Entech Engineering, Inc., Recently Targeted By INC Ransom

Just today, the double-extortion group known as INC Ransom claimed another victim: the U.S.-based engineering consulting firm Entech Engineering, headquartered in Reading, Pennsylvania.
Among the 50 screenshots leaked by the ransom group, they offered a rather enthusiastic description of their haul, saying, “We downloaded a lot of important information: projects, budgets, information about partners Entech Engineering, Inc.! In the screenshots, only a small part of what we have!”

Several of the screenshots suggest that the attackers gained access to Entech Engineering’s internal shared drive, 857 GB comprising 747,698 files across 49,840 folders, and encrypted its contents.
While the leak is labeled as an Active Directory dump, the screenshots appear to show only access to the shared drive. If the group was able to pivot further across the network, they did not disclose it. The initial attack vector remains unconfirmed.

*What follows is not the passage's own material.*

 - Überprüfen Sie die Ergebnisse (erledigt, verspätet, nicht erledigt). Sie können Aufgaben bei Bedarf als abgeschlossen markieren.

The screenshots show internal emails, financial records, safety data sheets, and other internal documents, including PII (personal identifiable information). INC Ransom marked the files as encrypted.
Additionally, there does not appear to be a countdown or a deadline for the company to pay published on their Tor site.

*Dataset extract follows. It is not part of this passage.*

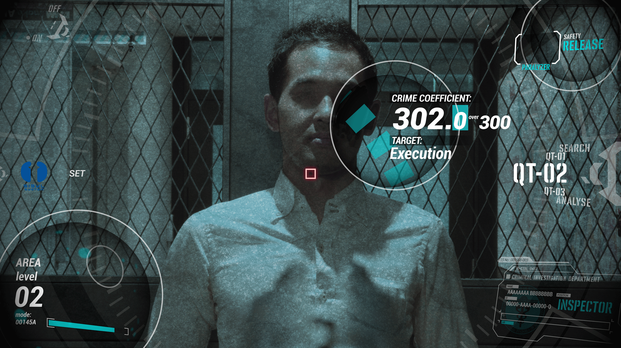 アプリの画面にはカメラの画像が表示されます。人物に向けて本体を固定し、トリガーを半押しすると対象の犯罪係数を測定します。測定が完了すると犯罪係数を音声で通知するほか、犯罪係数に応じてParalyzerまたはEliminatorへ変形します。

How the Attackers Gained Access
Analyzing how the group gains access can only offer some insight. For example, INC Ransom is known to source credentials from InfoStealer malware logs, often purchased on Russian-speaking forums on dark web markets. This is ostensibly the case here.

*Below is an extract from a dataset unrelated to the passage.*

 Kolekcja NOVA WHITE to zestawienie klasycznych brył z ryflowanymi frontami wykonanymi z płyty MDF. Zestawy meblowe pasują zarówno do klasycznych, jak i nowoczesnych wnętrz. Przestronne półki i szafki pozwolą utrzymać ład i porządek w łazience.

It is not uncommon for Engineering Firms to rely on VPNs or RDP for remote work. Therefore, if any employee, contractor, or any third-party reused passwords or was compromised, these logins could have been harvested months earlier.
Furthermore, ransom groups often rely on deceptive categorization by mislabeling leaks as “Active Directory dumps” when the data was from shared drives or mail servers, a tactic used to intimidate and inflate perceived access.
In the case of Entech Engineering, the group labeled the leak as an "Active Directory dump" on their Tor site. However, screenshots suggest the attackers had access only to the internal shared drive, not the AD database itself, potentially a psychological tactic to inflate the perceived depth of the breach.
Who is INC Ransom
Like other groups, INC Ransom (also known as INC, or INC Ransomware Group) is a double-extortion ransomware gang that made its first appearance in mid-2023 and has maintained active ransomware campaigns since.
The group operates a RaaS model and primarily targets organizations in North America, Europe, and parts of Asia, with a particular focus on sectors such as healthcare, education, engineering, finance, and manufacturing.
Currently, there have been no verified public attributions of the ransomware group to any specific country. However, based on certain behavioral patterns, infrastructure, and their proximity to Russian-speaking dark web markets, cybersecurity experts believe the group operates out of a Russian-speaking country.